A study of office politics suggests that workplaces are a jungle of awkward personalities vying for domination.
Oliver James, the psychologist and broadcaster, identified three types of dysfunctional personalities among white collar workers: psychopath, Machiavellian, and narcissist.
These are the colleagues who have no compunction about trampling over others, or like nothing more than to plot and scheme, or who drone on endlessly about themselves.
Most terrifyingly, the author concluded that there was fourth dysfunctional type: a “triadic person” who is a combination of all three. Such staff, James warns, have a dangerous, yet effective mix of a lack of empathy, self-centredness, deviousness and self-regard which can propel them to the top of the organisations.
Among the examples of these “triadics” he gives are Gordon Gecko, the trader played by Michael Douglas in
Wall Street, the fictional Mafia boss Tony Soprano, and Stalin.
Research has suggested that there has been an increase in the “triadic” conditions over the past 30 years because of changes in Western society and especially the rise of workplaces where there are no objective criteria for success or failure.
In a book, Office Politics, James warns how people who do not suffer from the disorders can lose out in the world of work and damage their emotional health unless they learn how to survive among such personalities.
TeaLight,
I am one of those people who have lost out in the world of work and have damaged emotional health because of the spaths in the world, at work and everywhere else…really I am. I make a living, I support myself ,but dont have the greedy ambitions of so many folks I know. I mean how much money is enuff anyway..? Greed, power, money,,I just dont get it…
Moon,
I’m the same. I just don’t have the money bug.

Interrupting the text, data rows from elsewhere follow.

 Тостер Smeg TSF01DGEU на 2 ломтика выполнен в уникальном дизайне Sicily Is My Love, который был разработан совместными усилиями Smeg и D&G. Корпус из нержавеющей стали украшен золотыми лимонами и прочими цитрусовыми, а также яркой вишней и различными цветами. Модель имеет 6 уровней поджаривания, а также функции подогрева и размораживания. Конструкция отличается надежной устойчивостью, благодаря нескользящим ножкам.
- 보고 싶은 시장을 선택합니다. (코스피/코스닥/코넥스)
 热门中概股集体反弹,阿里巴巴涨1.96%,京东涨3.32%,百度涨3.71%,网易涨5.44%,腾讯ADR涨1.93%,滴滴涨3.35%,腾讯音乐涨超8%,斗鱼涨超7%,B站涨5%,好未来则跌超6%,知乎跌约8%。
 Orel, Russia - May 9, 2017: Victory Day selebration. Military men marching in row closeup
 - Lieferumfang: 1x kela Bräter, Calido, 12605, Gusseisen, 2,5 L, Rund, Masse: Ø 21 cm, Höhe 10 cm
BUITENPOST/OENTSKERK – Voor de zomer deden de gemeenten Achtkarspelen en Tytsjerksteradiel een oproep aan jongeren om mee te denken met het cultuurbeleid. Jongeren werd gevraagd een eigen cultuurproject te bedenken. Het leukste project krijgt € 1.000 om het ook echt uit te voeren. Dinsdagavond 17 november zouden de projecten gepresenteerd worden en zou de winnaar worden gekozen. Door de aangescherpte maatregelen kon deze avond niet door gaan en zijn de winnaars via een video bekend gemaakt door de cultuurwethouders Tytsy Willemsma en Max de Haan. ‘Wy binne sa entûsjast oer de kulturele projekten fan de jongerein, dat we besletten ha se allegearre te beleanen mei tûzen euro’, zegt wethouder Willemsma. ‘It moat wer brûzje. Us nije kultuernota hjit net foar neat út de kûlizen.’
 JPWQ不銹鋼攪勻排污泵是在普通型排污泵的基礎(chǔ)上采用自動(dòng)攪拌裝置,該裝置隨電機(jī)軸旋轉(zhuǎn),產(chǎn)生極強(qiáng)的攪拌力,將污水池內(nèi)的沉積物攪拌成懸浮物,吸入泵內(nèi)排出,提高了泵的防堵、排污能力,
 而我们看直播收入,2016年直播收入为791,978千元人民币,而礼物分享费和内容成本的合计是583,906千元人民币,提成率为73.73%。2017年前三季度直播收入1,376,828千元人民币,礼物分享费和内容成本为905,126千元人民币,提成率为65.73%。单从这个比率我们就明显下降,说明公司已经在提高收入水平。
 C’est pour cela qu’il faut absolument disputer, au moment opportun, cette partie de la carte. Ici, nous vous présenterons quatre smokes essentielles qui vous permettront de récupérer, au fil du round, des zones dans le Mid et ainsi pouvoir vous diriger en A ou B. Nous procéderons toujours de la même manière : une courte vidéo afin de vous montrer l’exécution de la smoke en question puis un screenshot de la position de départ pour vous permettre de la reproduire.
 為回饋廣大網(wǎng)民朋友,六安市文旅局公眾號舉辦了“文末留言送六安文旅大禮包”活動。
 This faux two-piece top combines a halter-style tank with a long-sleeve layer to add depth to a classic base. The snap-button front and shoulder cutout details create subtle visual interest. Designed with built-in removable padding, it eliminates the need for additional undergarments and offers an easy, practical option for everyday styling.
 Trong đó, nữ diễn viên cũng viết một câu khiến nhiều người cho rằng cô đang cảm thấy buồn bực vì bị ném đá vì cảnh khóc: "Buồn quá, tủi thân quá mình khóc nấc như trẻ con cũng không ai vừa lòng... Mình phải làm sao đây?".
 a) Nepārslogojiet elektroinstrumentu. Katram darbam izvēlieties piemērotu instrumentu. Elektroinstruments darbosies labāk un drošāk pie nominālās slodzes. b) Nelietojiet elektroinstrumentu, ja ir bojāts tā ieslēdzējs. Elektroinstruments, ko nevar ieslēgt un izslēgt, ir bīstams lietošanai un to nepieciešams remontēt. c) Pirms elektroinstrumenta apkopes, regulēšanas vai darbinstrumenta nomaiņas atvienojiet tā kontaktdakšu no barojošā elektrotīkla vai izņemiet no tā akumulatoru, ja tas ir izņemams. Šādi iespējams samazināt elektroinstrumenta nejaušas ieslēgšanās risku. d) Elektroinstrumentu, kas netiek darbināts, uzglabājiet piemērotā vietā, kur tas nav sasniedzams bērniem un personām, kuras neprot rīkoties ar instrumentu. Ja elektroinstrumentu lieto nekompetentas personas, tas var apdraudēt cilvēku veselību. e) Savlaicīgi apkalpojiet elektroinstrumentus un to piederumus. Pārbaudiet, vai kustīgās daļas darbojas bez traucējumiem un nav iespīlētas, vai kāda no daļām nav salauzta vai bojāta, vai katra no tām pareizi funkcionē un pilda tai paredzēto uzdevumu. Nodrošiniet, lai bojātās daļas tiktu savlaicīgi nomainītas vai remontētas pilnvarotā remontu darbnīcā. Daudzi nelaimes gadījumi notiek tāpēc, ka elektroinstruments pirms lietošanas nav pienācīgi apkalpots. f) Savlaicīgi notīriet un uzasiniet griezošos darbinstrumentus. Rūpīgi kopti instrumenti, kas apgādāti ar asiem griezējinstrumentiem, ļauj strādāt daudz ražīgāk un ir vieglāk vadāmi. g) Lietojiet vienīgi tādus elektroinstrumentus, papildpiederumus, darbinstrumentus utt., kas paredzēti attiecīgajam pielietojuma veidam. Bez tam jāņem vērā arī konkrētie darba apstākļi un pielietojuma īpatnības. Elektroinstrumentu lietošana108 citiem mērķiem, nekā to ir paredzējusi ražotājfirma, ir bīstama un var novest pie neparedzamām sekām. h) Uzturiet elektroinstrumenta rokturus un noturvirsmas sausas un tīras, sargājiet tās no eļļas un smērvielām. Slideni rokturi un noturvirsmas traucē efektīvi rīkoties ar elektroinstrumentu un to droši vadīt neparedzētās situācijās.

For spaths, it isn’t really about the money though. They only use money as a method for keeping score. That’s why they like money so much. The thing that drives them, really, is the game. They love games, any kind of games as long as there is a competition, a winner (them) and a loser (us).
I think that these people are purposeless. They have nothing in life that motivates them, and then one day, they realize that they feel pretty excited when they focus on a game. From then on, that becomes their purpose: to play more games, all the time. It keeps their adrenalin flowing, it keeps them from being bored, it keeps them from dwelling on their meaningless lives.
I think greed for material things motivates lots of spaths and spath behaviors. Like the article implies, there are different varieties of them.
Yeah. It was never about money for me either.
skylar:
Your last paragraph in the post above is my spath’s life exactly…exactly. Thank you for that.